-- Dataset records follows --
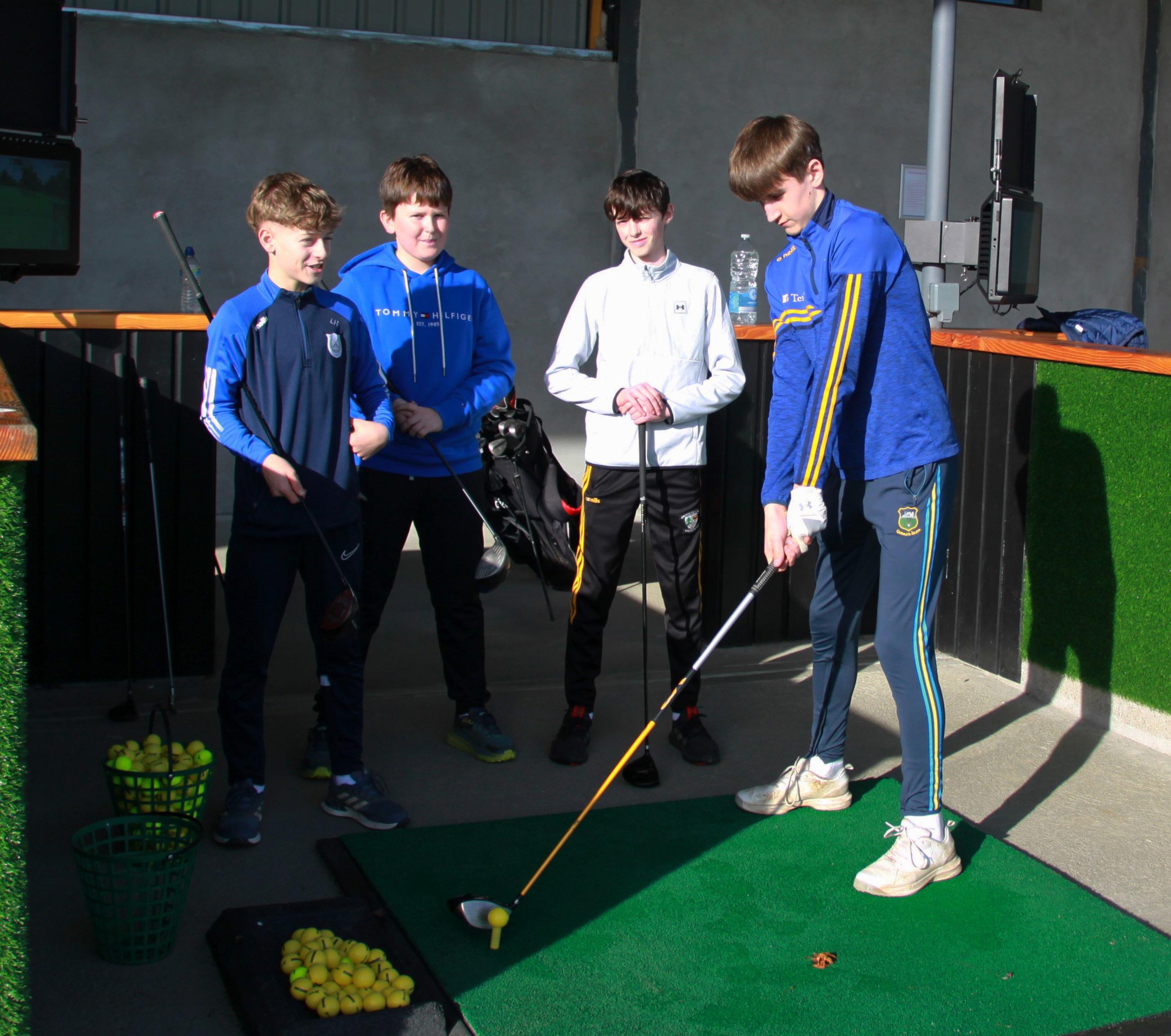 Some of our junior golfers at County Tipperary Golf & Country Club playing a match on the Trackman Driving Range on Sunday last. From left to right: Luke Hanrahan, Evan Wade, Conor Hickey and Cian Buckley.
-- Dataset records concluded --
-- Dataset records follows --
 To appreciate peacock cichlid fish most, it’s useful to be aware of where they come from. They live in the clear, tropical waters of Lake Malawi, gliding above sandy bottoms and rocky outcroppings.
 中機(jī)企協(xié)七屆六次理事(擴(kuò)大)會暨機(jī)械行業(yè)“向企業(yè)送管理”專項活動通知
-- Dataset records concluded --
-- Dataset records follows --
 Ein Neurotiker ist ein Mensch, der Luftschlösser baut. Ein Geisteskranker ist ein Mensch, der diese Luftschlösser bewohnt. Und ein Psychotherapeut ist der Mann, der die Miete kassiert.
-- Dataset records concluded --
The lines above, starting at the one with "To appreciate peacock" and ending at the one with "中機(jī)企協(xié)七", are the only ones to return, exactly as written.

 To appreciate peacock cichlid fish most, it’s useful to be aware of where they come from. They live in the clear, tropical waters of Lake Malawi, gliding above sandy bottoms and rocky outcroppings.
 中機(jī)企協(xié)七屆六次理事(擴(kuò)大)會暨機(jī)械行業(yè)“向企業(yè)送管理”專項活動通知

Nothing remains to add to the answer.